There are several Python libraries dedicated to working with PDF documents like PYPDF2, etc. In this tutorial, will wear Camelot.

Why Camelot?

You are in control: unlike other libraries and tools that give good result or fail miserably (without intermediaries), Camelot gives you the power to modify table extraction. (This is essential since everything in the real world, including extraction of PDF tables, it's confusing).
A little tables can be dropped based on metrics like precision and whitespace, without having to manually look at each table.
Each table is a pandas DataFrame, that integrates seamlessly into Data analysis and ETL workflows.
Export to multiple formats, including JSON, Excel, HTML y Sqlite.

Let's start

Before installing the Camelot libraries we have to install ghost script , once we install the ghost script, let's install camelot-py.

Run below commands :

pip install "camelot-py[cv]"

Once you have installed the camelot-py library, we will be ready to start.
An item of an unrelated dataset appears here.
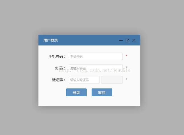 layer是一款近年来备受青睐的web弹层组件,官网地址是:http://layer.layui.com/ 可以从官网上下载最新版本. 使用layer实现登录弹框,登录成功以后关闭弹框,并调用父窗口方法。 1.界面如下

We are trying to extract a statewide GST revenue table from this pdf document.

import camelot

If you have camelot, Python won't print an error message, if not, you will see a ImportError.

# Syntax of the camelot.read_pdf function 
camelot.read_pdf(
    filepath,
    pages='1',
    password=None,
    flavor='lattice',
    suppress_stdout=False,
    layout_kwargs={},
    **kwargs,
)

If you have to extract a table from different pages, must give the page number.

tables2=camelot.read_pdf('gst-revenue-collection-march2020.pdf', flavor="stream", pages="0-3")
tables2

This will give you a total list of the Table that is there in a pdf document. we can choose a table passing the index.

tables2[2]  # 2 is the index

tables2[2].parsing_report

The above code will provide you details such as precision and page number. Please note that there are 2 pages.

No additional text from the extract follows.